PATENT CLAIMS 1. A high-power wire-wound resistor with oppositely connected spiral windings of a resistive wire, characterized in that it consists of a conductive cylindrical frame (1) and at least one pair of windings formed by the first partial winding (2) of an insulated resistive wire. wire and an identical second sub-winding (3) of insulated resistance wire, which are symmetrical with respect to their geometric centers and wound on the surface of the cylindrical carcass (1), forming unbalanced loss lines with TEM wave, where the first sub-winding (2) and the second sub-windings (3) are counter-connected so that the beginning of the first sub-winding (2) is connected to the end of the second sub-winding (3) at the first joint (4) and the beginning of the second sub-winding (3) is connected to the end (2) in a second junction (5), wherein the first junction (4) and the second junction (5) form resistor terminals, wherein the entire winding on the The conductive cylindrical carcass (1) is impregnated and covered with an insulating varnish layer (6).
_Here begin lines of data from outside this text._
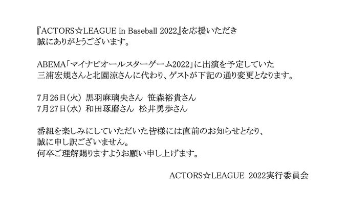『ACTORS☆LEAGUE in Baseball 2022』よりABEMA #マイナビオールスターゲーム2022 に出演を予定していた三浦宏規さんと北園涼さんに代わり、ゲストが下記の通り変更となります。
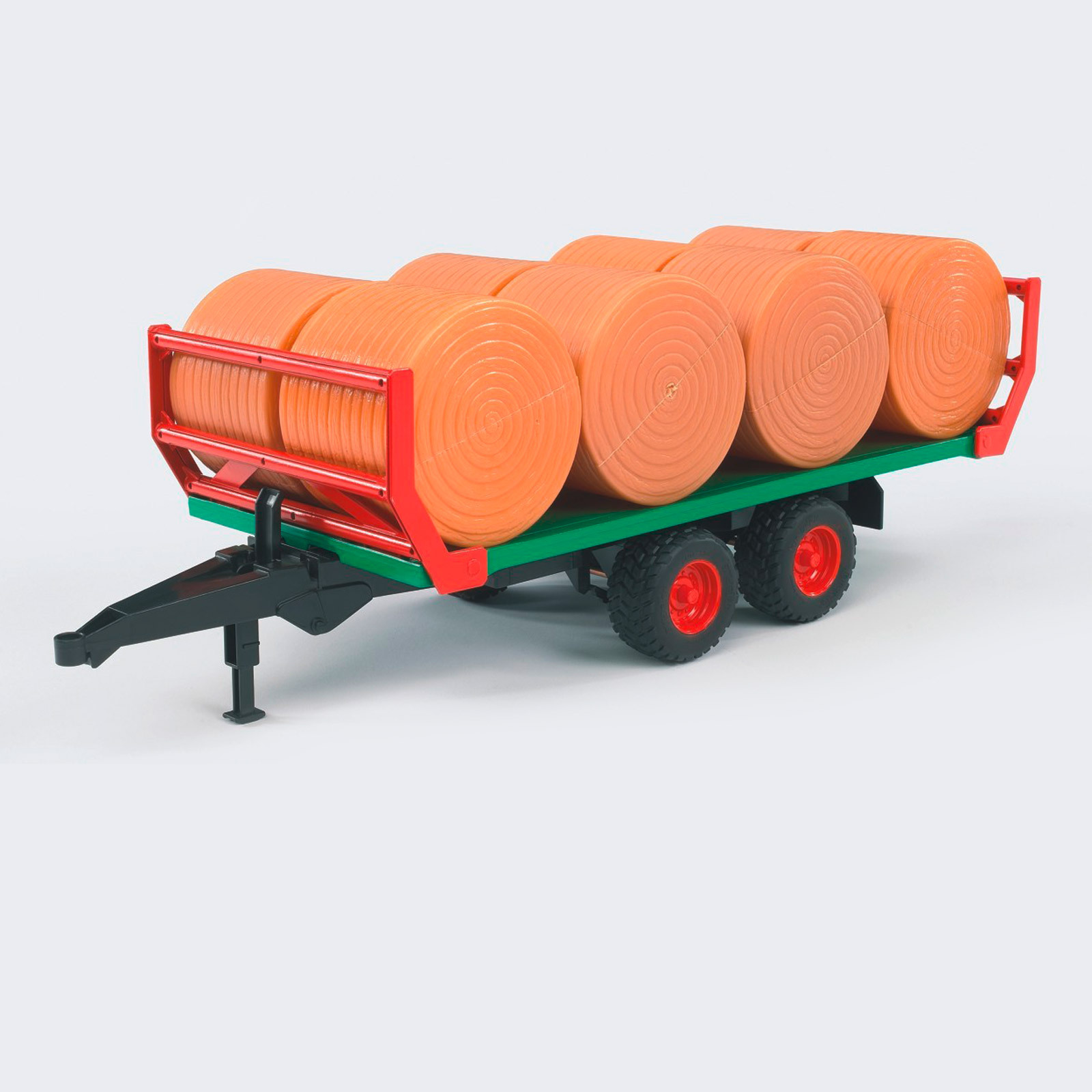 Die im Herbst vielfach auf den Feldern zu sehenden Silage- und Strohrundballen müssen rationell vom Bauern vom Feld in den Stall oder in die Scheune gebracht werden. Zu diesem Transport dient normalerweise ein spezieller Transportanhänger, den es ab jetzt auch im Sortiment von BRUDER gibt. Unser Modell zeichnet sich durch klappbare Begrenzungs-Rungen aus und wird mit 8 Rundballen ausgeliefert. Zur Beladung des Anhängers können alle unsere Traktoren mit Frontlader und Gabelaufsatz benützt werden, wodurch sich ein funktionelles Spielset ergibt. Hervorragend kombinierbar zu dieser Spielidee sind auch unsere Rundballen- und Quaderballenpresse sowie der Rundballenwickler.
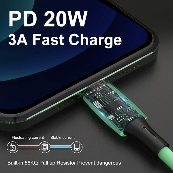 ENKAY Hat-Prince ENK-CB209 PD 20W 3A Type-C to 8 Pin Silicone Data Sync Fast Charging Cable, Cable Length: 1.2m(Green)
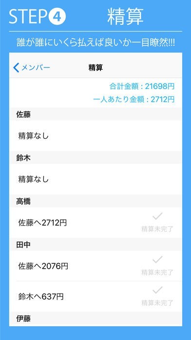 このようにメンバーが色々な支払いの立替をしていると、最後の精算のときに、誰が誰にいくら支払えば良いのか計算するのが大変...
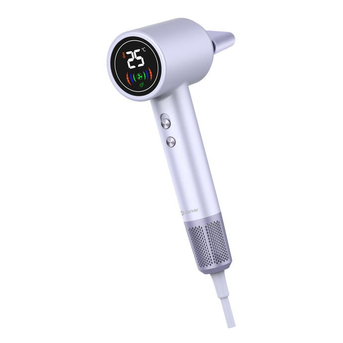 Denver HDD-1400DGR to wysokowydajna suszarka do włosów z bezszczotkowym silnikiem o mocy 1400W. Dzięki niskiemu poziomowi hałasu zapewnia komfortowe użytkowanie bez nadmiernego hałasu, co sprawia, że suszenie włosów staje się bardziej przyjemne.
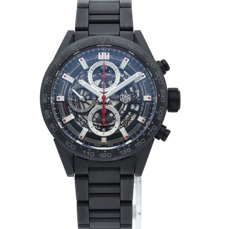 「カレラ キャリバーホイヤー01クロノグラフ」から2mmダウンサイジングした43mmケース。タキメーターベゼルには耐傷性に優れたブラックセラミックを採用し、文字盤をスケルトン仕様にすることでスポーティーでメカニックな印象のモデルです。ムーブメントにはブラックコーティングが施されたローターと赤色のコラムホイールが特徴のキャリバー「ホイヤー01」を搭載します。
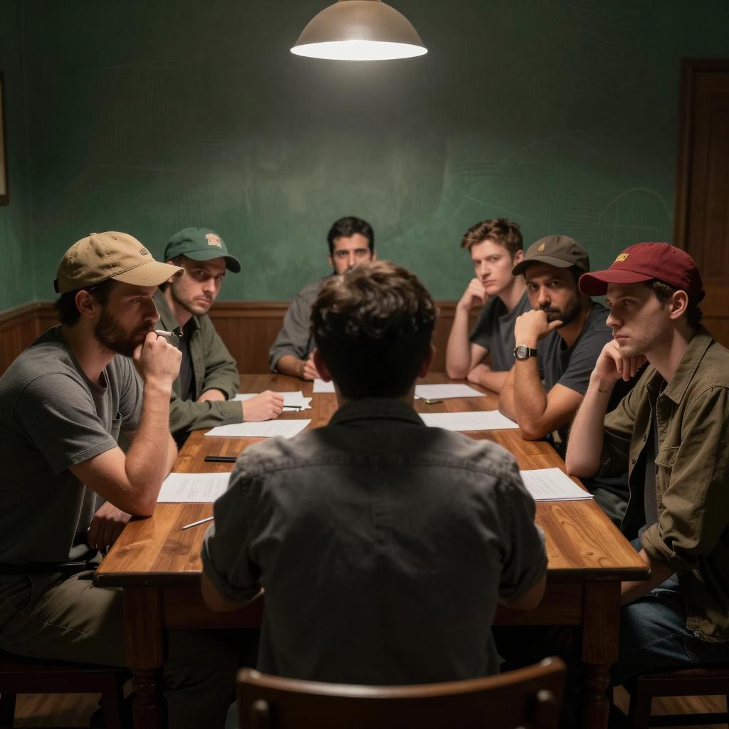 Six men sit around a dark wooden table in a dimly lit room. Central figure with dark back facing the camera. Four men wear hats: tan, green, red, and brown. Smoker on left, stern expressions on faces. Single overhead light. Green patterned walls. Papers on the table.
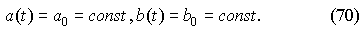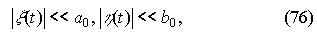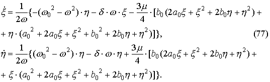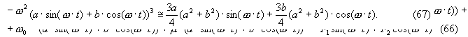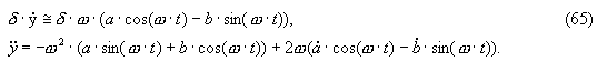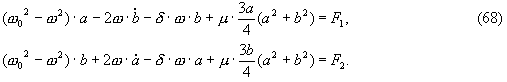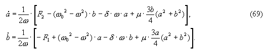 При исследовании устойчивости для описания поведения рассматриваемой системы при появлении малых возмущений необходимо использовать полную подстановку Ван дер Поля: где a(t), b(t) – медленно изменяющиеся функции. Вычислим первую и вторую производные функции y(t) по времени t: |
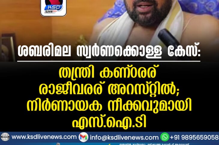 കേരളം ശബരിമല സ്വര്ണക്കൊള്ള കേസ്: തന്ത്രി കണ്ഠരര് രാജീവരര് അറസ്റ്റില്; നിര്ണായക നീക്കവുമായി എസ്.ഐ.ടിJanuary 9, 2026
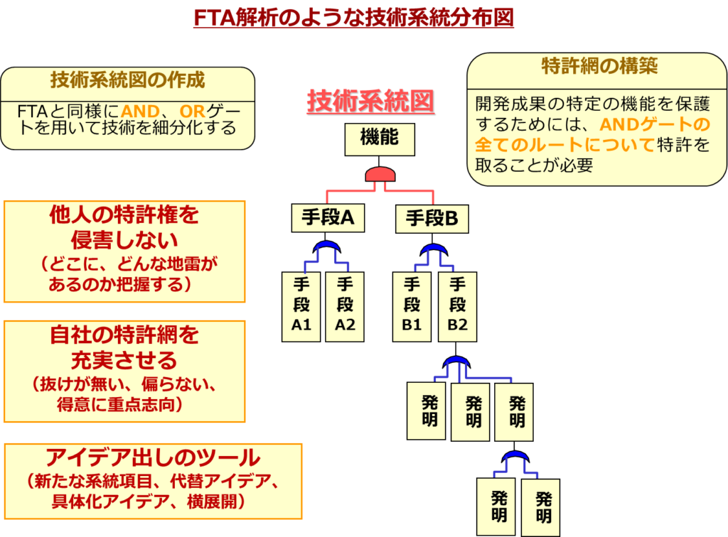 技術系統分布図の「半月」の記号は「ANDゲート」と呼ばれ、「三日月」の記号は「ORゲート」と呼ばれています。すなわち、ANDゲートの下にぶら下がる手段は全て必須となりますが、ORゲートにぶら下がる手段は、いずれかの手段で良いということになります。
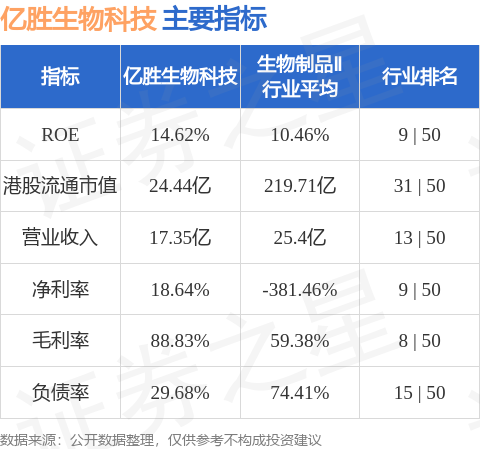 亿胜生物科技港股市值24.44亿港元,在生物制品Ⅱ行业中排名第31。主要指标见下表:
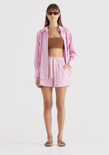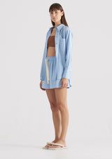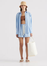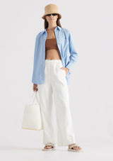 The Lindsey Shirt from Elka Collective is a lightweight, breezy relaxed fitting shirt crafted in a cool hand-feel bamboo blended fabrication. Featuring a classic shirt collar with button down front, single patch pocket, cuffed sleeves a slightly longer length.
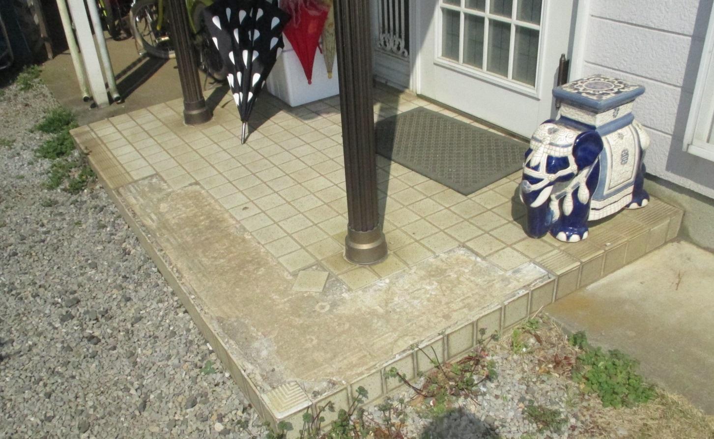 人が一番出入りする所なので、はがれたままだと危険です。 雨でぬれてもすべりにくいタイルです。
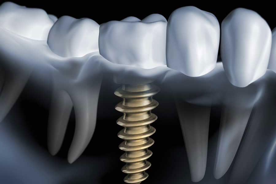 Ein Zahnimplantat ist ein Fremdkörper – meist in Form einer Schraube oder eines Zylinders (bestehend aus Titan oder seltener aus Zirkon) – der in den Kieferknochen eingesetzt wird und somit als künstliche Zahnwurzel dient.
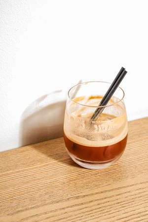 Cold Brew coffee on wooden table. Social media food trends.
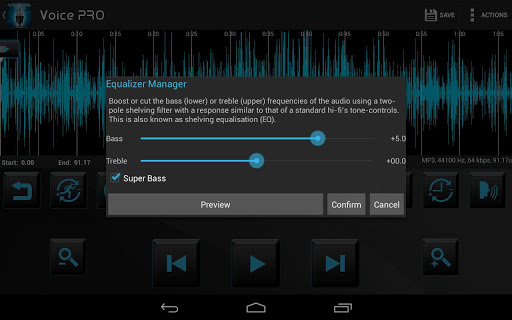 You can add audio effects, change tempo and volume, unit or mix record of any format or quality. Voice PRO has In-app purchases for certain features with nominal rate.
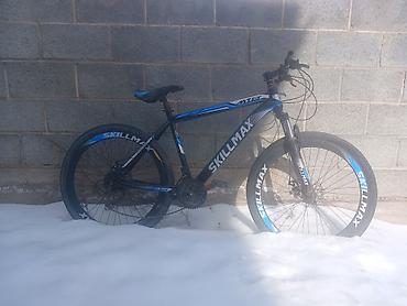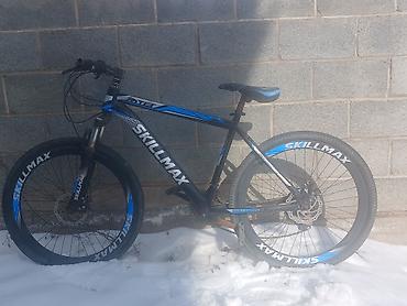 - Цвет: чёрный с синими и белыми вставками, фирменные наклейки Skillmax на раме, вилке и ободах.
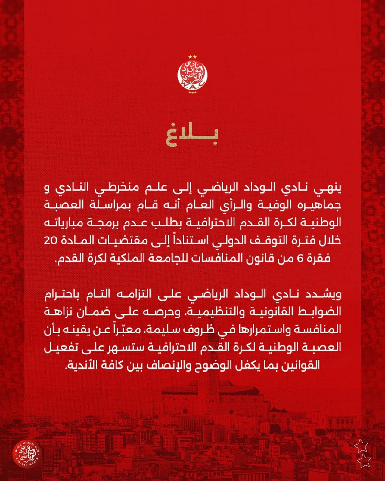 أعلن نادي الوداد الرياضي عن مراسلته الرسمية للعصبة الوطنية لكرة القدم الاحترافية، مطالباً بعدم برمجة مبارياته خلال فترات التوقف الدولي.
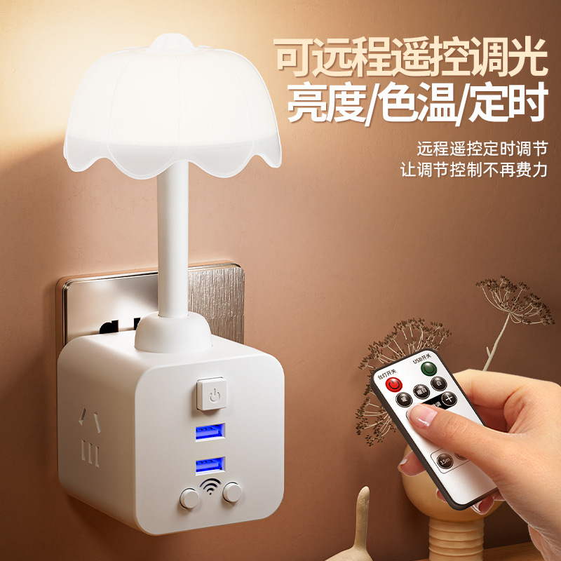 遥控小夜灯USB插座一体式卧室床头阅读灯婴儿喂奶睡眠灯护眼台灯
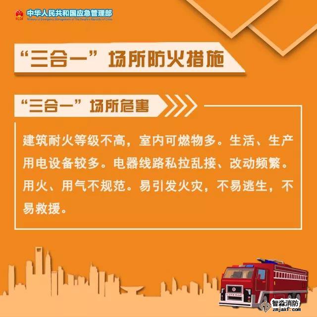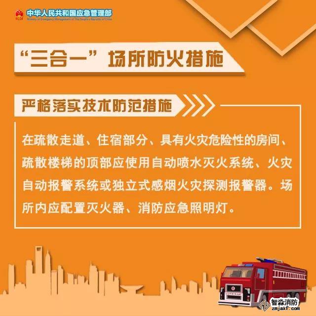 “三合一”場所指生產(chǎn)、住宿和經(jīng)營在一起的小場所,由于生活用火用電和倉儲、經(jīng)營混雜,大多較簡陋、擁擠、可燃物多,極易引發(fā)火災(zāi)。該如何預(yù)防火災(zāi)事故發(fā)生?
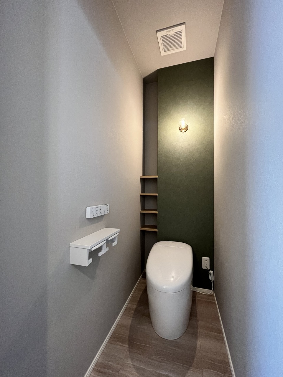 1段1個、トイレットペーパーもインテリアになるトイレ。
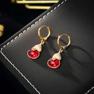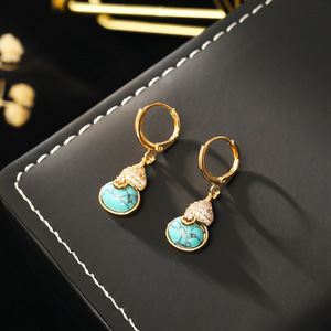 新中式百搭轻奢葫芦耳扣复古微镶锆石绿松石耳环精致百搭时尚耳饰
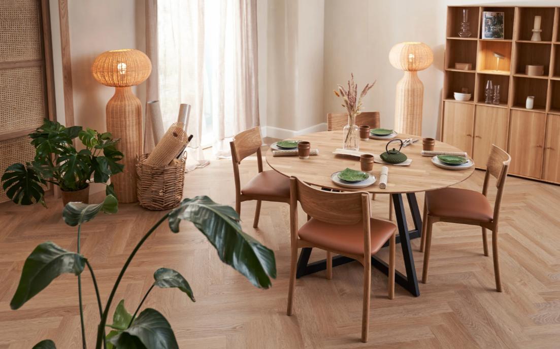 Ved at matche træfarverne på dit bord og dine stole kan du skabe en dejlig ro i hjemmet. Hvis du vil tilføje lidt ekstra personlighed og varme, kan du overveje cognacfarvet læder til et lyst egetræsbord og stole. Det giver et flot sammenspil og skaber en indbydende, hyggelig stemning, der virkelig gør rummet til dit eget.
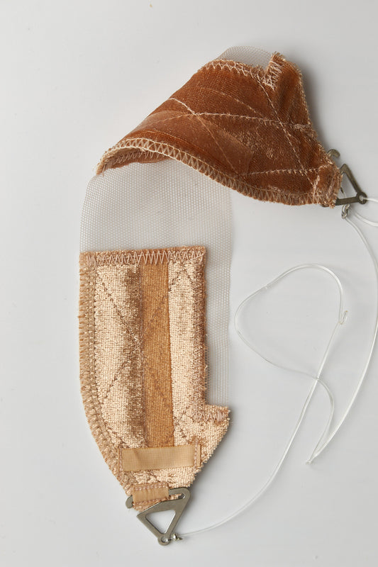 This wig grip is what I needed. No material running behind my ear. Just the a
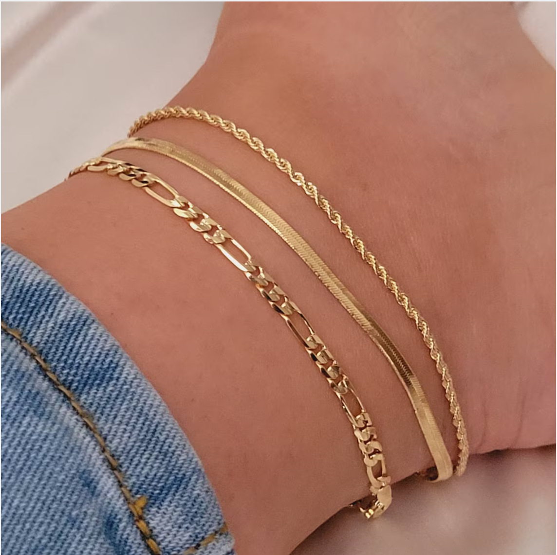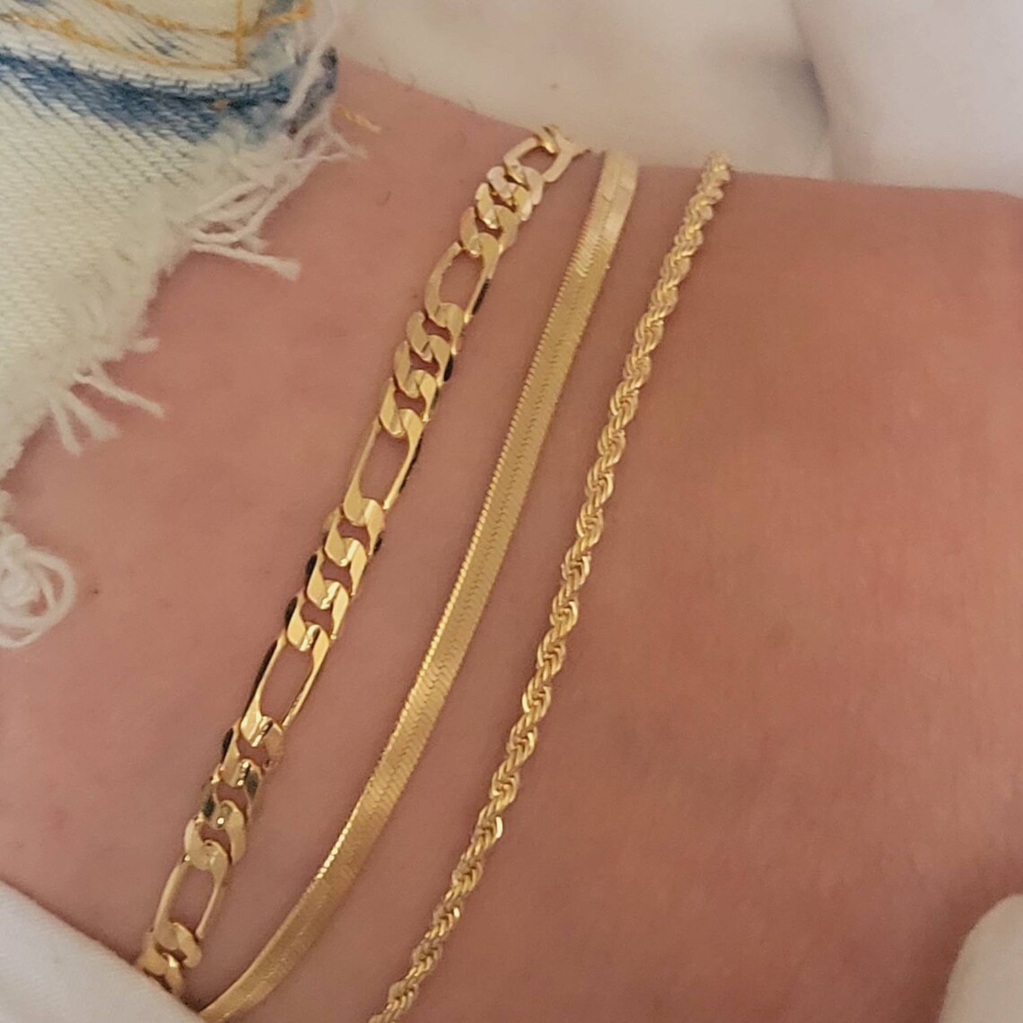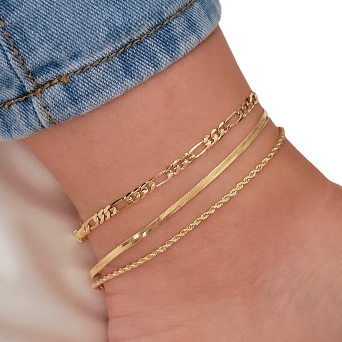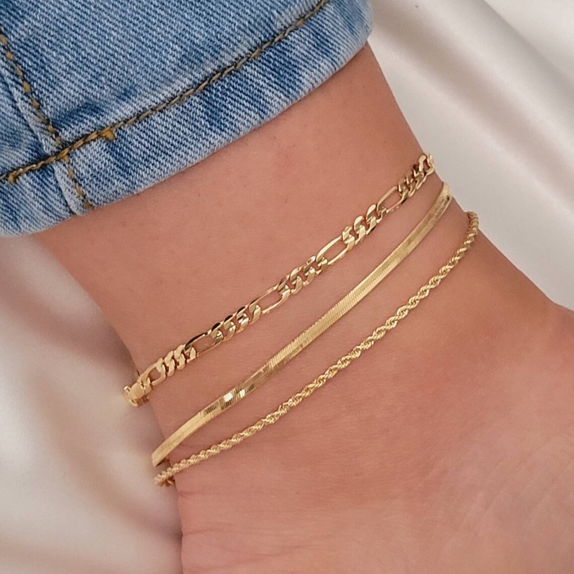 欧美跨境饰品简约个性扁蛇链麻花链三件套脚饰女新款时尚脚链套装

The high-frequency power wire resistor according to claim 1, characterized in that the conductive cylindrical frame (1) is provided with at least one axial bore (8, 9, 10, 11) and is located opposite said axial frame (1). a fan for blowing the conductive cylindrical carcass (1) and air winding from outside and blowing air through the openings (8, 9, 10, 11). The high-frequency power wire resistor according to claim 1 or 2, characterized in that if the conductive cylindrical frame (1) is provided with two or more pairs of insulated resistive wire windings, these windings are interconnected such that the end of one partial the winding is always connected to the beginning of the adjacent partial winding.